Wednesday, 15 April 2009

Awaiting GAFCON Plans

The downturn in international air traffic and hotel occupancy doesn't affect African and South American GAFCON Anglican archbishops. There are eight archbishops, of which seven are primates (the other one from Sydney does the typing and licks the envelopes), meeting in London. What deep pockets they have.

They are joined by a clutch of their own made and imported bishops that would construct the Anglican Church of North America (ACNA).
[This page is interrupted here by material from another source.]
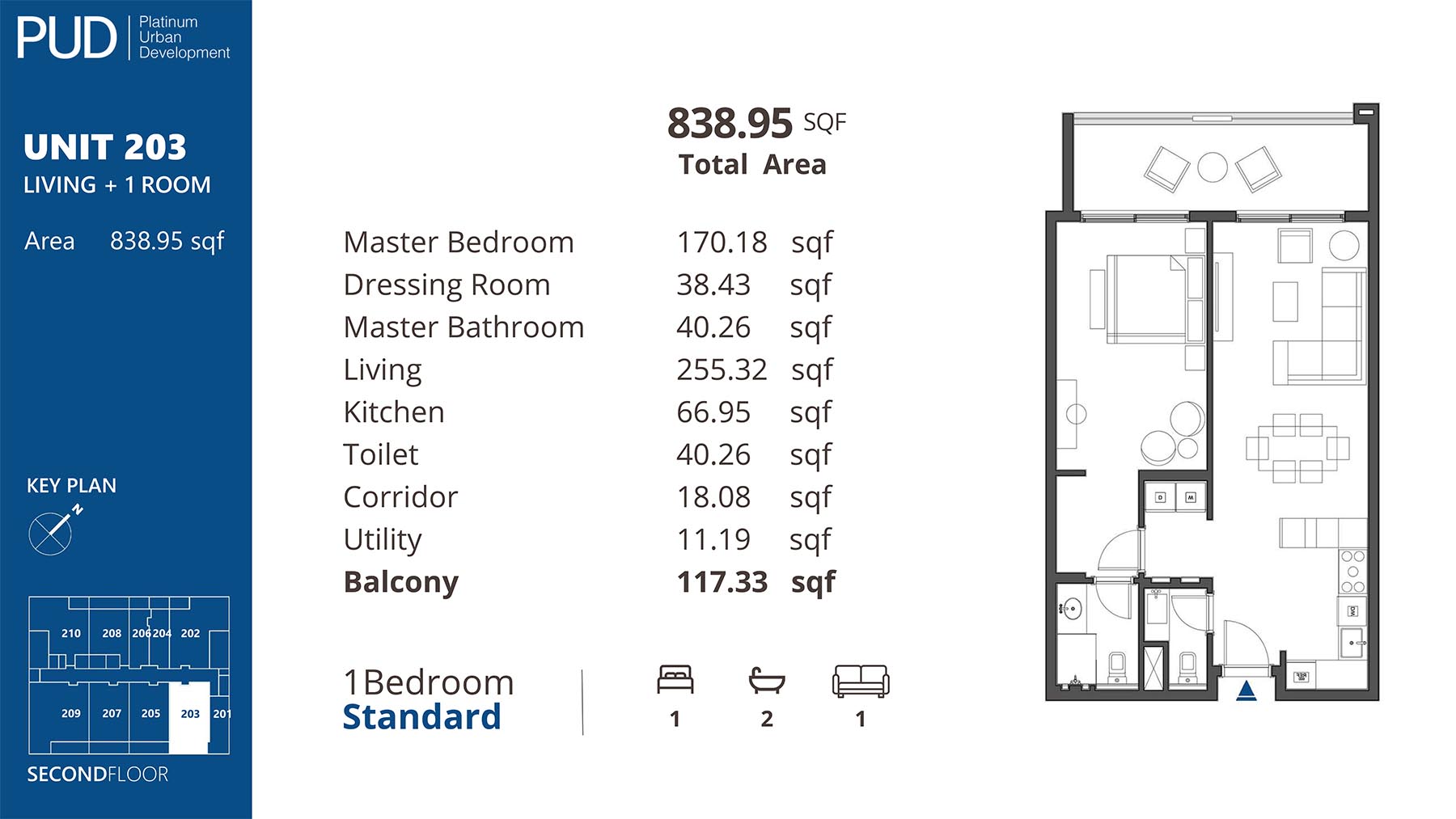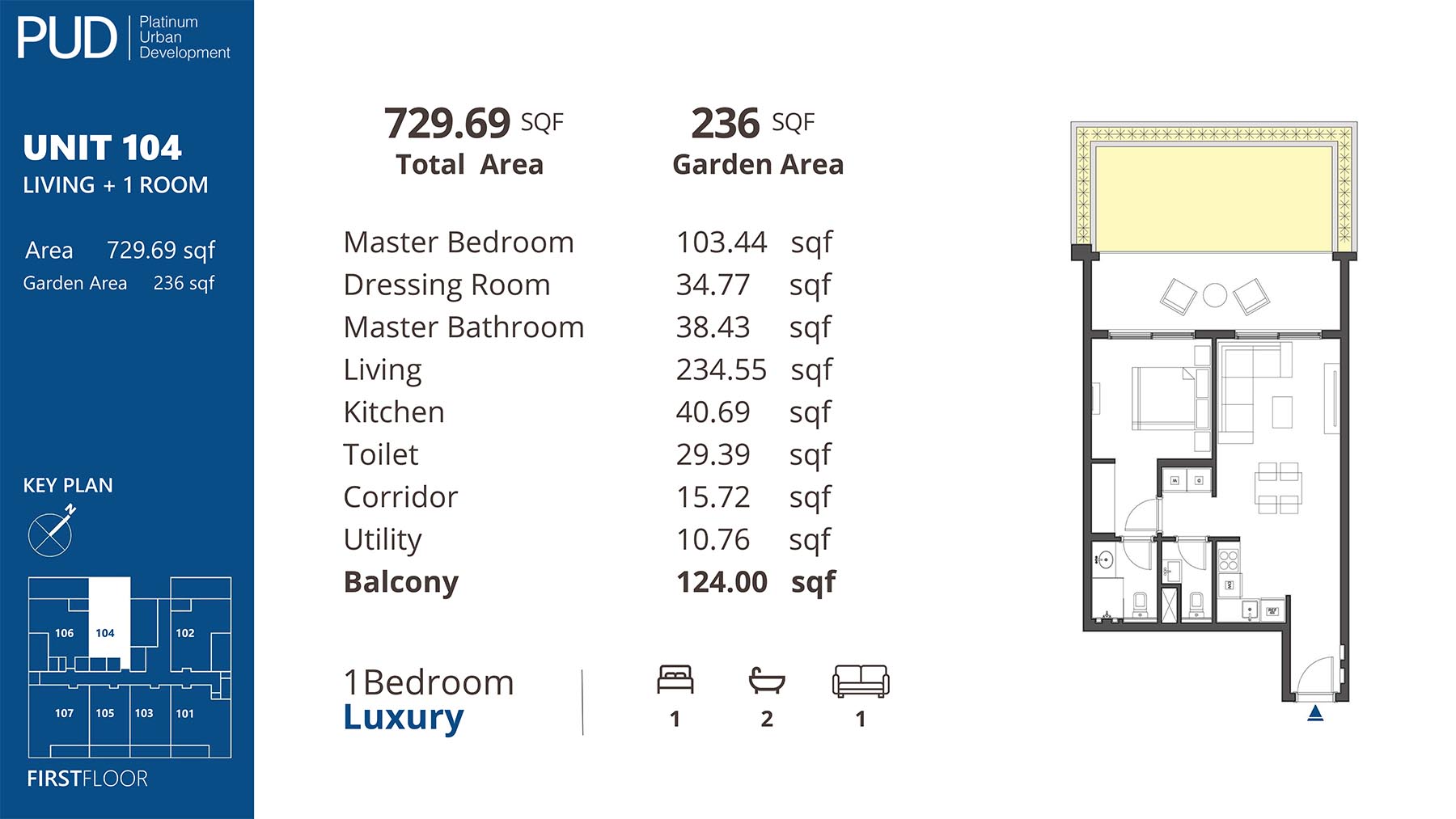The floor plans of PUD Residences 1 are designed to provide an urban way of living within compact studios to luxurious 1, 2, & 3-bedroom apartments. There are only 47 residences within this 5-storey housing jewel crafted with attention to detail. Each home creates a balance between indoor and scenic outside beauty by offering large windows in the living and bedrooms, while a generous balcony lets you embrace the calm and inspiring views of the green and calming suburban spirit of the Emirates.
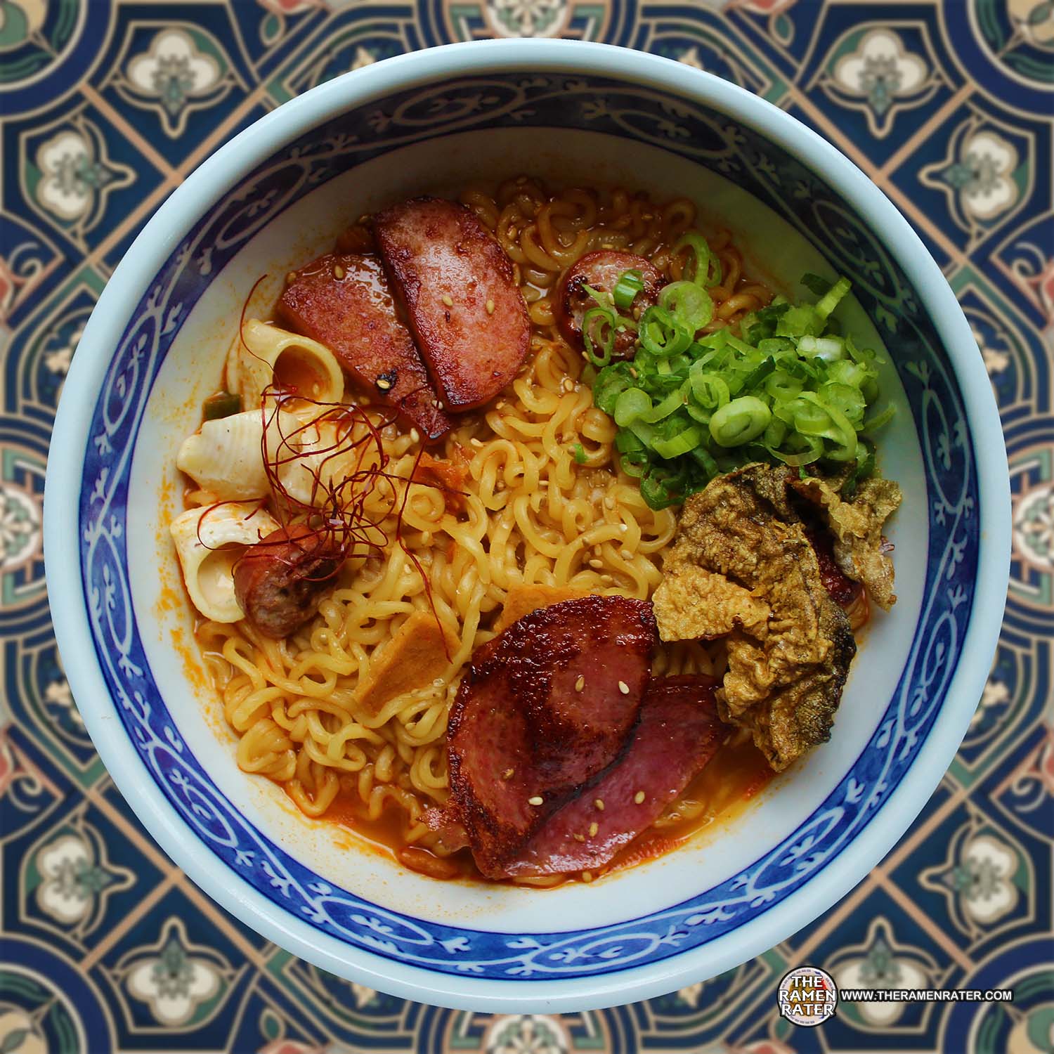 Finished (click to enlarge). Added Korean friied pollock skin, SPAM, salami, hot dog, shells and cheese, pepper thread, scallion, and sesame seed. Noodle is great – perfect. The broth is like their old K-Army Stew – a huge favorite of mine. Lots of fish cake and other bits – just wonderful! 5.0 out of 5.0 stars. As for the fish skin, it’s light, crisp, and has a nice balance of salty and sweet. Really loved it – 5.0 out of 5.0 stars as a garnish and a snack! UPC bar code 031146042098.

They'll report on the 16th regarding a number of topics, discussed in hotel rooms:

  • The Fellowship of Confessing Anglicans (FCA)
  • ACNA
  • Anglican Covenant
  • Divisions within the Anglican Communion

Presumably everyone in ACNA will be within the Fellowship of Confessing Anglicans, or should be, but the coming event will be its launch in the UK in July. The FCA is surely then another form of Anglican Communion, this time on an individuals additional belief basis, just like ACNA is an additional belief basis Church contrasted with The Episcopal Church (TEC) and the Anglican Church of Canada. Also the FCA elsewhere is the potential for, say, an ACNE (Anglican Church of Northern Europe) or something similar, however latent it may be for some time.

The Living Church (George Conger) refers to the "Archbishop of Canterbury's proposed Anglican Covenant", which is the use of a rhetoric of isolating and distancing. And I thought it was Ephraim Radner's and Drexel Gomez's! GAFCON won't like its small movement towards TEC (and reasonable Anglicanism): on autonomy, scholarship, and on change, not will they like its lack of any teeth regarding disciplining. Still, there may be potential for being crafty by doing some early signing on for their own Churches and ACNA (in that Radner said once two sign it starts being operative: rather questionable surely if it is supposed to be a Communion-wide document). They could thus 'capture' the Covenant but such runs with the danger of it losing legitimacy and, let's face it, these GAFCON types won't like its content. It is a mile away from their Jerusalem Declaration and what they wanted from a Covenant. It is too early yet for signing up anyway.

They'll say they are being loyal to the Communion, but every move is an act of imposition that amounts to not really a takeover but an extraction. The FCA itself intends a two-tier Communion (something the Archbishop of Canterbury envisaged) but on their terms. I wouldn't be suprised if the FCA doesn't come with its own Covenant of membership, that would seek to override the one on offer at present (perhaps seen as unsatisfactory by just about everyone for divergent reasons).

There may be an attempt to pump up the Primate's Meeting, but they'll still have their Primate's Council, with Robert Duncan coming on board, for a more authoritarian Anglican steering wheel.

The effect of GAFCON is to crack the Communion anyway; they claim large numbers but these are concentrated, and autonomy of other Anglican Churches will frustrate GAFCON unless it persists with producing parallel memberships (FCA) and structures (ACNA, say ACNE) with their own attempted international oversight.

In for a penny and in for a pound; that once they start the logic pursues its course, but they'll find that they are not quite as strong, and indeed not as widespread, as they think they are.